Wildfire

Background

With warmer, drier conditions experienced during longer fire seasons, the effects of wildfires on both properties and human life have increased, leaving many homeowners and communities unprepared. According to Verisk’s 2019 Wildfire Risk Analysis, nearly 4.5 million homes in the U.S. are at high or extreme risk of wildfires, 2 million of which are in California alone. [1] Wildfire risk is also increasing throughout the country as newer homes are built near wildlands. The “wildland-urban interface” (WUI)—the transition areas between unoccupied land and human development—is growing in size and putting communities at greater risk for wildfire.
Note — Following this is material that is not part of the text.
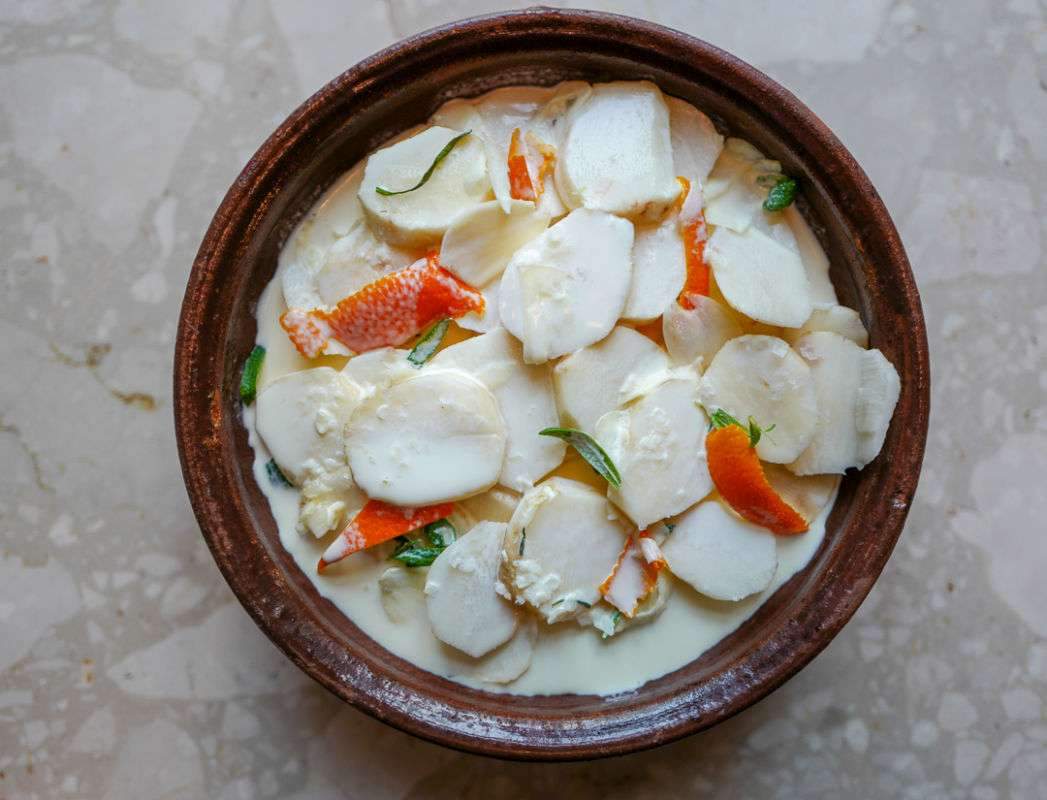 - Gratinerte jordskokker: Skrell jordskokker og skjær dem i skiver. Legg dem lagvis i en ildfast form og legg hvitløksskiver inn i mellom. Remsen med appelsinskall deler du i tre og legger inn i mellom jordskokkskivene sammen med noen rosmarinblader. Salt og peper og hell over fløten. Sett i ovnen på 180 grader i ca en time eller til jordskokkene er myke. Rør litt i formen midt i stekeprosessen.
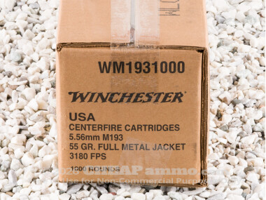 Winchester - Full Metal Jacket - 55 Grain 5.56x45mm Ammo - 1000 Rounds

From 1990 to 2010, the WUI increased from 30.8 to 43.4 million homes and expanded in surface area from 143,568,227 acres to 190,271,144 acres. [2]

Wildfires cause widespread physical damage and pose public health and environmental risks. The smoke from these fires contain very fine particles, and when inhaled, can cause serious chronic respiratory problems. [3] Additionally, climate change has contributed to the rise of megadroughts; droughts that last for decades. These megadroughts have become especially common in the Southwest region of the U.S., where normal weather conditions had already included high temperatures and low precipitation. [4] These megadroughts create the perfect conditions for wildfires to form. During the summer of 2021, roughly 100 percent of the western U.S. was in a drought [5], the region’s worst since 800 A.C.E. [6] These droughts make the region even more sensitive to the emergence of wildfires and cause the dangers that wildfires impose on people and property to intensify.

Solutions

A recent U.N report on wildfires found that it is impossible to eliminate the risk of wildfires. [7] Instead, it states that efforts should be focused on fuel management and wildfire mitigation. Policymakers must collaborate with and allow for private sector innovation and participation. To ease the financial risk of wildfires to taxpayers and homeowners, private companies can implement weather-risk transfer contracts in sectors and locations vulnerable to wildfire risk. Such a move will help mitigate costs of weather sensitivities across various industries and assist homeowners and renters to better understand the risks associated with properties. The methods employed in building new and modernizing existing homes and businesses also merit reconsideration. Climate-resilient buildings can save crucial taxpayer dollars. Adapting construction practices to meet the demands of a changing climate and incentivizing projects that increase the resilience of existing structures are logical steps that better protect our communities and will prove to be cost-effective over time. 

Significant steps should also be taken to protect homeowners and renters from and inform them of wildfire risk. Policymakers should require enhanced disclosures on real estate transactions so that homebuyers and renters better understand the catastrophic risks associated with properties.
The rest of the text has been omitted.